The “cowboys and Indians” image of the Carter that persisted in the public mind – ‘real art for real people’ — no longer reflected its goals; it even came to hobble it. It was something the Carter often had to overcome to get people in the door: We’re not just all that familiar stuff you’ve seen already. The Kimbell gets the Big-Rich, Big-Name Masterpieces, the high-class, canonical favorites. The Modern Art Museum dazzles with its hip surprises: Ta-dah! You never thought art could do this, did ya? Yet the Carter isn’t really trapped between its neighbors. It actually inhabits something of a sweet spot when it comes to the public and to opportunities for serious re-appraisal and re-education. It has free admission, for starters. But it’s also able to draw on everything from old-fashioned realism to American Impressionism, early modernism to fashion photography, documentaries to posters, indigenous artists to immigrants – and Americans importing the European avant-garde, generation after generation, all of this up to World War II. Unlike the Kimbell or the Modern, the Carter has the story of all of American art to tell — up to the point when American culture became world culture.
So that’s what Walker means when he says Johnson’s building and the collection can now achieve “synergy.” Reconfigured the way the collection has been, they more or less amplify each other; they chime. Modern masterworks are now outfront and in the limelight, setting the tone. To be sure, the Carter still has substantial “legacy” galleries upstairs devoted to the western art of Charles Russell and Frederic Remington. But near the main entrance, visitors first encounter works by Alexander Calder, Louise Nevelson, Stuart Davis and Georgia O’Keefe. All of this makes the re-invented Carter feel stylishly “mid-century modern.”

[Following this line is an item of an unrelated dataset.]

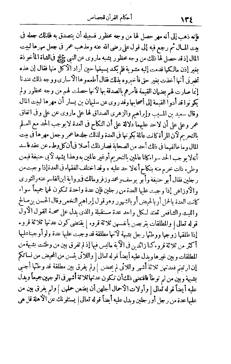 ووجه ذلك عندنا إنما صَارَتْ لَهُمْ بِضَمَانِ الْقِيمَةِ فَأَمَرَهُمْ بِالصَّدَقَةِ بِهَا لِأَنَّهَا حَصَلَتْ لَهُمْ مِنْ وَجْهٍ مَحْظُورٍ وَلَمْ يَكُونُوا قَدْ أَدَّوْا الْقِيمَةَ إلَى أَصْحَابِهَا وَقَدْ رُوِيَ عَنْ سُلَيْمَانَ بْنِ يَسَارٍ أَنَّ مَهْرَهَا لِبَيْتِ الْمَالِ وَقَالَ سَعِيدُ بْنُ الْمُسَيِّبِ وَإِبْرَاهِيمُ وَالزُّهْرِيُّ الصَّدَاقُ لَهَا عَلَى مَا رُوِيَ عَنْ عَلِيٍّ وَفِي اتِّفَاقِ عُمَرَ وَعَلِيٍّ عَلَى أَنْ لاحد عَلَيْهِمَا دَلَالَةٌ عَلَى أَنَّ النِّكَاحَ فِي الْعِدَّةِ لَا يُوجِبُ الْحَدَّ مَعَ الْعِلْمِ بِالتَّحْرِيمِ لِأَنَّ الْمَرْأَةَ كَانَتْ عَالِمَةً بِكَوْنِهَا فِي الْعِدَّةِ وَلِذَلِكَ جَلَدَهَا عُمَرُ وَجَعَلَ مَهْرَهَا فِي بَيْتِ الْمَالِ وَمَا خَالَفَهُمَا فِي ذَلِكَ أَحَدٌ مِنْ الصَّحَابَةِ فَصَارَ ذَلِكَ أَصْلًا فِي أَنَّ كُلَّ وَطْءٍ عَنْ عَقْدٍ فَاسِدٍ أَنَّهُ لَا يُوجِبُ الْحَدَّ سَوَاءً كَانَا عَالِمَيْنِ بِالتَّحْرِيمِ أَوْ غَيْرَ عَالِمَيْنِ بِهِ وَهَذَا يَشْهَدُ لِأَبِي حَنِيفَةَ فِيمَنْ وَطِئَ ذَاتَ مَحْرَمٍ مِنْهُ بِنِكَاحٍ أَنَّهُ لَا حَدَّ عَلَيْهِ وَقَدْ اخْتَلَفَ الْفُقَهَاءُ فِي الْعِدَّةِ إذَا وَجَبَتْ مِنْ رَجُلَيْنِ فَقَالَ أَبُو حَنِيفَةَ وَأَبُو يُوسُفَ وَمُحَمَّدٌ وَزُفَرُ وَمَالِكٌ فِي رِوَايَةِ ابْنِ الْقَاسِمِ عَنْهُ وَالثَّوْرِيُّ وَالْأَوْزَاعِيُّ إذَا وَجَبَتْ عَلَيْهَا الْعِدَّةُ مِنْ رَجُلَيْنِ فَإِنَّ عِدَّةً وَاحِدَةً تَكُونُ لَهُمَا جَمِيعًا سَوَاءً كَانَتْ الْعِدَّةُ بِالْحَمْلِ أَوْ بِالْحَيْضِ أَوْ بِالشُّهُورِ وَهُوَ قَوْلُ إبْرَاهِيمَ النَّخَعِيِّ وَقَالَ الْحَسَنُ بْنُ صَالِحٍ وَاللَّيْثُ وَالشَّافِعِيُّ تَعْتَدُّ لِكُلِّ وَاحِدٍ عِدَّةً مُسْتَقْبَلَةً وَاَلَّذِي يَدُلُّ عَلَى صِحَّةِ الْقَوْلِ الْأَوَّلِ قَوْله تَعَالَى وَالْمُطَلَّقاتُ يَتَرَبَّصْنَ بِأَنْفُسِهِنَّ ثَلاثَةَ قُرُوءٍ يَقْتَضِي كَوْنَ عِدَّتِهَا ثَلَاثَةَ قُرُوءٍ إذَا طَلَّقَهَا زَوْجُهَا وَوَطِئَهَا رَجُلٌ بِشُبْهَةٍ لِأَنَّهَا مُطَلَّقَةٌ قَدْ وَجَبَتْ عَلَيْهَا عِدَّةٌ وَلَوْ أَوْجَبْنَا عَلَيْهَا أَكْثَرَ مِنْ ثَلَاثَةِ قُرُوءٍ كُنَّا زَائِدِينَ فِي الْآيَةِ مَا لَيْسَ فِيهَا إذْ لَمْ تُفَرِّقْ بَيْنَ مَنْ وُطِئَتْ بِشُبْهَةٍ مِنْ الْمُطَلَّقَاتِ وَبَيْنَ غَيْرِهَا وَيَدُلُّ عَلَيْهِ أَيْضًا قَوْله تَعَالَى وَاللَّائِي يَئِسْنَ مِنَ الْمَحِيضِ مِنْ نِسائِكُمْ إِنِ ارْتَبْتُمْ فَعِدَّتُهُنَّ ثَلاثَةُ أَشْهُرٍ وَاللَّائِي لَمْ يَحِضْنَ وَلَمْ يُفَرِّقْ بَيْنَ مُطَلَّقَةٍ قَدْ وَطِئَهَا أَجْنَبِيٌّ بِشُبْهَةٍ وَبَيْنَ مَنْ لَمْ تُوطَأْ فَاقْتَضَى ذَلِكَ أَنْ تَكُونَ عِدَّتُهَا ثَلَاثَةَ أَشْهُرٍ فِي الْوَجْهَيْنِ جَمِيعًا وَيَدُلُّ عَلَيْهِ أَيْضًا قَوْله تَعَالَى وَأُولاتُ الْأَحْمالِ أَجَلُهُنَّ أَنْ يَضَعْنَ حَمْلَهُنَّ وَلَمْ يُفَرِّقْ بَيْنَ مَنْ عَلَيْهَا عِدَّةٌ مِنْ رَجُلٍ أَوْ رَجُلَيْنِ وَيَدُلُّ عَلَيْهِ أَيْضًا قَوْله تعالى يَسْئَلُونَكَ عَنِ الْأَهِلَّةِ قُلْ هِيَ

The museum is underscoring such changes by marking its re-opening with a major exhibition devoted to the early, formative work of the great Gordon Parks in fashion photography and photojournalism (“The New Tide, Early Work 1040-1950”), two new installations : an interactive digital one by Camille Utterback and an entire “immersive” hallway, called “Puente Nuevo” (“new bridge”), which has been turned into what amounts to a giant, pinata version of Mexican landscapes by Justin Favela.
But also opening this week is the new Works on Paper gallery on the mezzanine. It showcases 23 paintings by the Fort Worth brothers Scott and Stuart Gentling. The exhibition is called “Seeing in Detail,” and rarely has a title been more apt. The Gentlings’ watercolor portraits of native Texas birds have an astonishing level of observation and execution.
It’s typical of the Carter that, even now, one foot remains in a very American tradition of classic bird portraiture and landscape painting.